Hay que adecuar las pensiones a los cambios sociales, como el aumento de la esperanza de vida

Elisa Chuliá
Pensionistas protestan en Barcelona por la pérdida de poder adquisitivo
Pensionistas protestan en Barcelona por la pérdida de poder adquisitivoCarles Ribas

La sostenibilidad financiera de un sistema público de pensiones basado en el método de reparto no depende de la dotación de su fondo de reserva, ni siquiera de la existencia de un fondo semejante. La mayor parte de los sistemas de Seguridad Social europeos —incluyendo el alemán, el holandés y el austriaco— carece de fondos de reserva. ¿Debemos preocuparnos por la reducción de la “hucha de las pensiones” (desde los casi 67.000 millones que alcanzó en 2011 a los aproximadamente 25.000 que quedan hoy) y su posible vaciamiento en un par de años?

Sin duda, pero no porque esa evolución anticipe la bancarrota de las pensiones públicas, sino porque pone de relieve una realidad sobre la que muchos expertos vienen advirtiendo hace años: el gasto en pensiones contributivas está sometido a una benéfica fuerza demográfica (la creciente longevidad) que lo empuja al alza casi mecánicamente y de forma estructural, con consecuencias importantes sobre el volumen del gasto social y su distribución entre las generaciones.

La crisis ha permitido visualizar mejor las problemáticas consecuencias de esta realidad. Por una parte, los acuerdos europeos de consolidación fiscal impulsados desde 2010 han acentuado los riesgos políticos y económicos de incurrir en déficit público. Por otra, el deterioro de la situación económica de la población joven respecto a la jubilada ha evidenciado el sesgo de nuestro sistema de protección social hacia los mayores y el comparativamente escaso apoyo público que reciben quienes participan en la actividad laboral y están en la fase de crear o desarrollar sus familias.

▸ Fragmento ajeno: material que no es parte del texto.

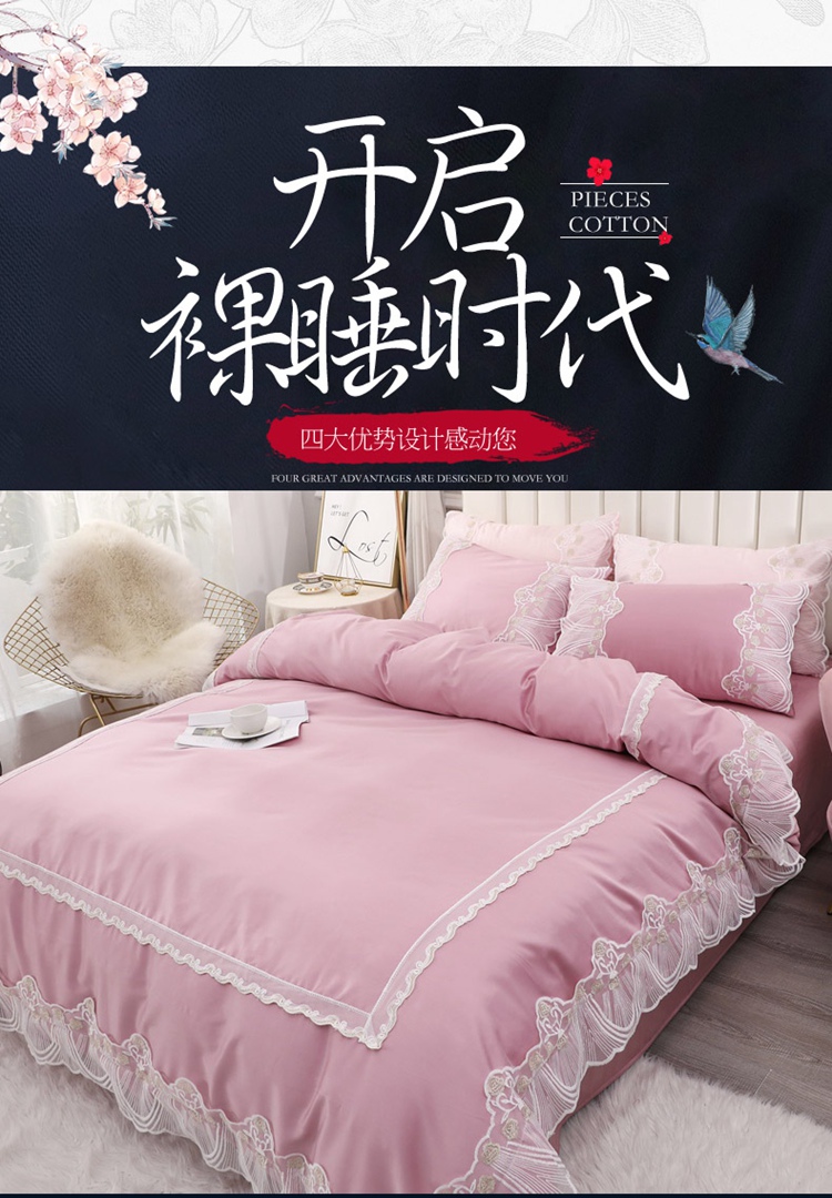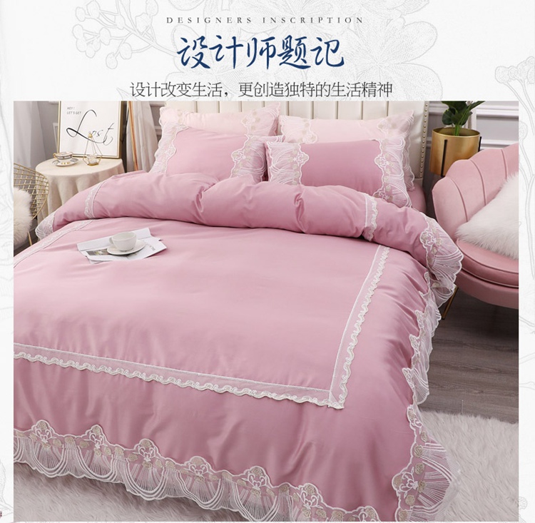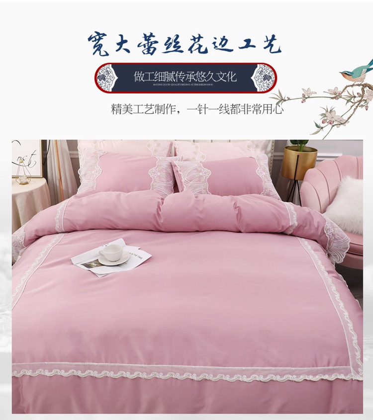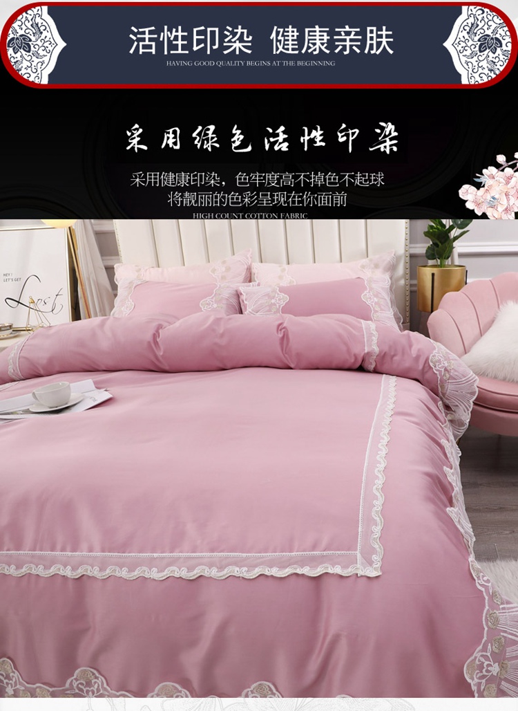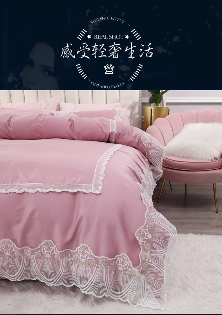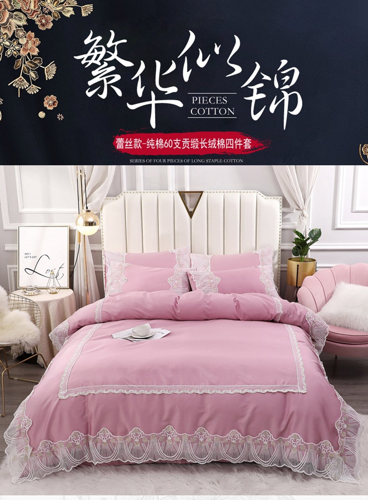 2021全棉60贡缎长绒棉蕾丝四件套 艾丽莎-浅豆沙

El déficit creciente de la Seguridad Social habría resultado menos abultado si la rebaja de cotizaciones para incentivar el empleo se hubieran cubierto mediante impuestos,

El fondo de reserva de la Seguridad Social, dotado con los excedentes de los ingresos contributivos generados desde el año 2000, no se creó para cubrir un déficit elevado y persistente, sino desviaciones que no superaran el 3% de la suma del gasto en pensiones y en su gestión. Así quedó establecido en 2003, si bien en 2012 el gobierno decretó la suspensión de ese límite hasta 2014, prolongándola después hasta 2016.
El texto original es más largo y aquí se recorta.